Specifically, this comment [http://apple.slashdot.org/comments.pl?sid=1660824&cid=32299222];
Here's a source [http://money.cnn.com/magazines/fortune/global500/2009/snapshots/11204.html] [cnn.com]. Foxconn has 486,000 employees according to fairly reliable sources.

According to this [http://online.wsj.com/public/article/SB118677584137994489.html?mod=blog] [wsj.com] 2007 WSJ article, they had over 450,000 factory workers, 270,000 of which were at a single 2x1mile site.

In other words, the suicide rates for Foxconn workers is slightly below average.
Interesting...
How is every single poster managing to ignore this? While it does sound like the conditions at Foxconn are less than ideal, there are two things you need to remember.

1: People choose to work there.

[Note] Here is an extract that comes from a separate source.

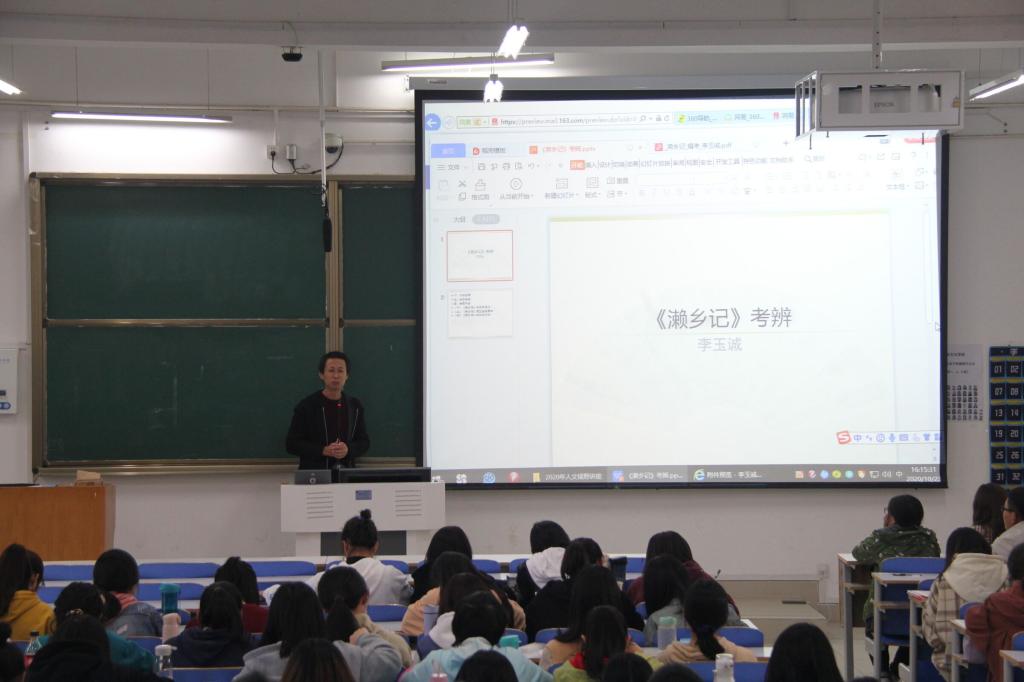 10月23日下午,我院李玉诚博士在社科楼212教室作了主题为“《濑乡记》考辨”的人文视野讲座。2018级历史学和人文教育班的百余名同学听讲。

That means that no matter how bad the conditions are claimed to be, it's better than the workers other alternatives (starvation?). -- Obviously if evidence surfaced of employees being unable to leave, this would no longer be valid.

2: The suicide rate for foxconn employees is less than in China as a whole. 10 suicides sounds like a lot, but when you consider that foxconn has over 450,000 employees, not so much.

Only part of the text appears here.